Task requirements
Please set down exactly the lines of the listing below from the line containing "研究結(jié)果顯示,濕地" through the line containing "例如,使用 MyShell、Virtuals Protocol", both lines included, leaving out all other lines.

Record extracts
⟨

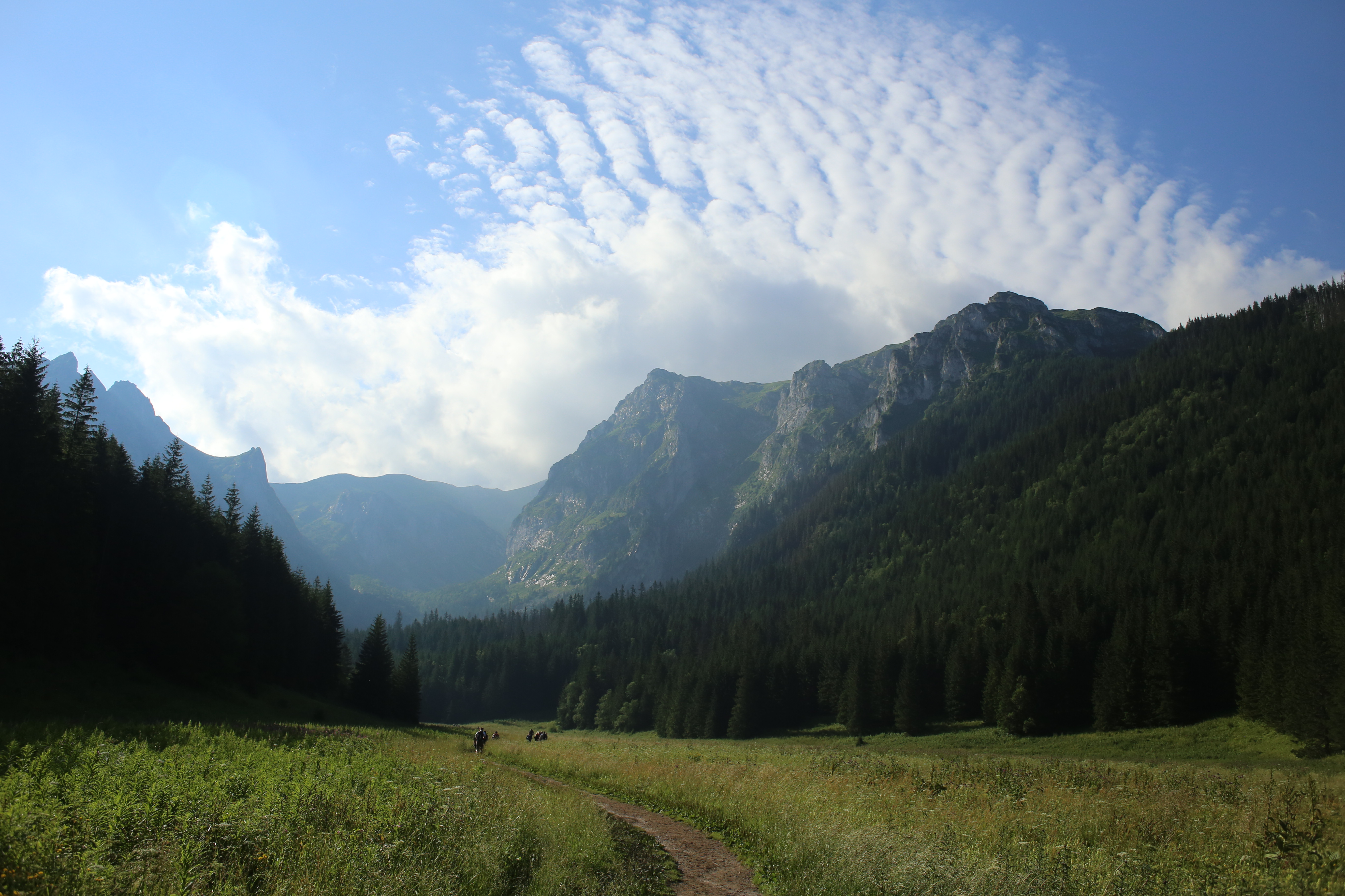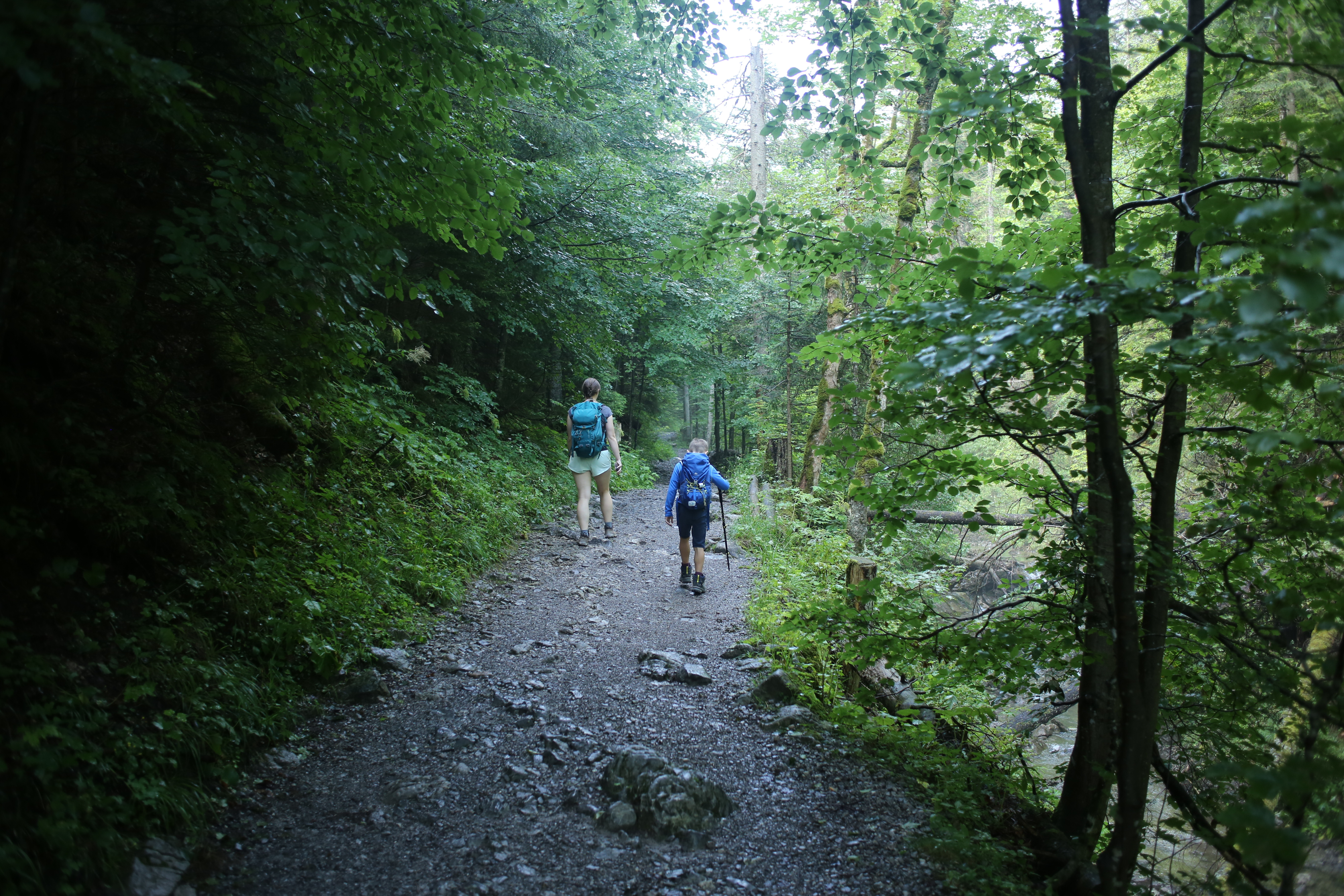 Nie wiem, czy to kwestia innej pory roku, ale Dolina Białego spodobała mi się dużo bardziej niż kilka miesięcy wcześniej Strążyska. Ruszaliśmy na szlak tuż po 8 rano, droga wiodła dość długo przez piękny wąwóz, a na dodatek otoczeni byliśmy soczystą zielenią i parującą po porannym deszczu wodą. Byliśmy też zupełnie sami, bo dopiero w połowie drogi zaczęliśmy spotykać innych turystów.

⟩
⟨

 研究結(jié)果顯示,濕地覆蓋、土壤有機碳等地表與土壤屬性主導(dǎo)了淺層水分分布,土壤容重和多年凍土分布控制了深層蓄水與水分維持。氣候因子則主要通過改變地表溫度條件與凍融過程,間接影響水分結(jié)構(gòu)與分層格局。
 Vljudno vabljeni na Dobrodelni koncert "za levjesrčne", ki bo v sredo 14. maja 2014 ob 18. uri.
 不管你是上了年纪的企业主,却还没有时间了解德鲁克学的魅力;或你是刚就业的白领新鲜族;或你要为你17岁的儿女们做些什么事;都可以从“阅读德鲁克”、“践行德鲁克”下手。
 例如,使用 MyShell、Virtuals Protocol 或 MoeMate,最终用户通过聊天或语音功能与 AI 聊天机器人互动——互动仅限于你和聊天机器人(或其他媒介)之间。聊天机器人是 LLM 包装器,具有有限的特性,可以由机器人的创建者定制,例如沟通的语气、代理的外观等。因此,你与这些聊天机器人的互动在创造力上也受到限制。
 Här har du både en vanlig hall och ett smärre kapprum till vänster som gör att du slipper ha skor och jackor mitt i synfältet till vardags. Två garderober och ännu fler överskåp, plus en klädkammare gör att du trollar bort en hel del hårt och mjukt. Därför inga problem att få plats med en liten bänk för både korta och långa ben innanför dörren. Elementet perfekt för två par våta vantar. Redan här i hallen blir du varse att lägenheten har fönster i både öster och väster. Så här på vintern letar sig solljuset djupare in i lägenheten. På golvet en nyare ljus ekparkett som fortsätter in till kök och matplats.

⟩

Answer to the exercise
 研究結(jié)果顯示,濕地覆蓋、土壤有機碳等地表與土壤屬性主導(dǎo)了淺層水分分布,土壤容重和多年凍土分布控制了深層蓄水與水分維持。氣候因子則主要通過改變地表溫度條件與凍融過程,間接影響水分結(jié)構(gòu)與分層格局。
 Vljudno vabljeni na Dobrodelni koncert "za levjesrčne", ki bo v sredo 14. maja 2014 ob 18. uri.
 不管你是上了年纪的企业主,却还没有时间了解德鲁克学的魅力;或你是刚就业的白领新鲜族;或你要为你17岁的儿女们做些什么事;都可以从“阅读德鲁克”、“践行德鲁克”下手。
 例如,使用 MyShell、Virtuals Protocol 或 MoeMate,最终用户通过聊天或语音功能与 AI 聊天机器人互动——互动仅限于你和聊天机器人(或其他媒介)之间。聊天机器人是 LLM 包装器,具有有限的特性,可以由机器人的创建者定制,例如沟通的语气、代理的外观等。因此,你与这些聊天机器人的互动在创造力上也受到限制。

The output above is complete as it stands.